▶ [WORK TASK] Give the listing again word for word. Skip the pictures.

▶ [GIVEN DATA]

::::

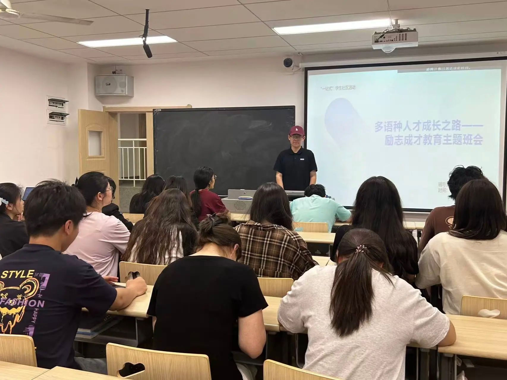 班会伊始,辅导员以“爱国是青春的底色”为题,强调新时代青年应始终心怀“国之大者”,将个人成长与国家发展紧密结合。辅导员结合公司多语种专业特色,鼓励员工“用语言架起中外沟通桥梁,用行动讲好中国故事”。同时,通过讲述往届优秀员工的事迹,诠释“求真”与“励行”的深刻内涵,强调语言不仅是工具,更是文明互鉴的纽带,青年应当以专业能力服务国家战略需求。
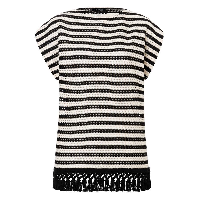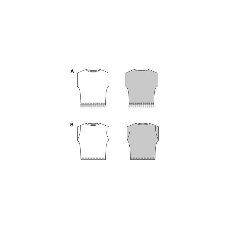 Modell A har holkärmar och fransade kanter längs botten, sy den i ett strukturerat stickat tyg för bäst effekt. Modell B är en enklare top med båtringning och lätt utsvängda ärmar. Båda passar lika bra till kjol och byxor.
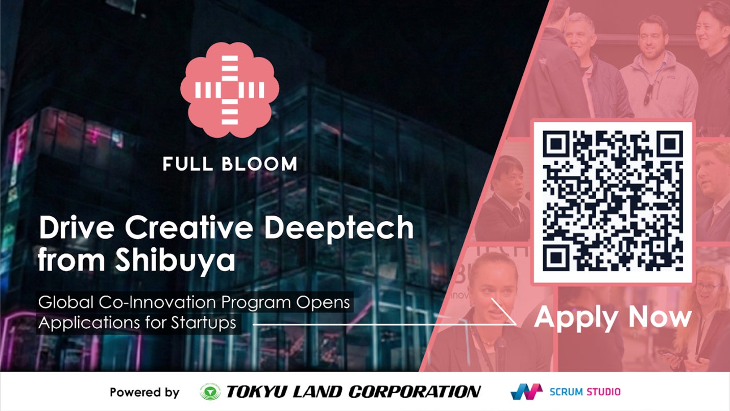 東急不動産株式会社(本社:東京都渋⾕区、代表取締役社⻑:星野浩明、以下「東急不動産」)とスクラムスタジオ株式会社(本社:東京都港区、代表取締役社⻑:髙橋正⺒、以下「スクラムスタジオ」)が、渋谷サクラステージ(東京都渋谷区)内「SAKURA DEEPTECH SHIBUYA(以下「SDS」)」で運営する事業共創プログラムの第二期を「Full Bloom」と題し、スタートアップの募集を開始しました。

::::

▶ [SOLVED PROBLEM]
 班会伊始,辅导员以“爱国是青春的底色”为题,强调新时代青年应始终心怀“国之大者”,将个人成长与国家发展紧密结合。辅导员结合公司多语种专业特色,鼓励员工“用语言架起中外沟通桥梁,用行动讲好中国故事”。同时,通过讲述往届优秀员工的事迹,诠释“求真”与“励行”的深刻内涵,强调语言不仅是工具,更是文明互鉴的纽带,青年应当以专业能力服务国家战略需求。
 Modell A har holkärmar och fransade kanter längs botten, sy den i ett strukturerat stickat tyg för bäst effekt. Modell B är en enklare top med båtringning och lätt utsvängda ärmar. Båda passar lika bra till kjol och byxor.
 東急不動産株式会社(本社:東京都渋⾕区、代表取締役社⻑:星野浩明、以下「東急不動産」)とスクラムスタジオ株式会社(本社:東京都港区、代表取締役社⻑:髙橋正⺒、以下「スクラムスタジオ」)が、渋谷サクラステージ(東京都渋谷区)内「SAKURA DEEPTECH SHIBUYA(以下「SDS」)」で運営する事業共創プログラムの第二期を「Full Bloom」と題し、スタートアップの募集を開始しました。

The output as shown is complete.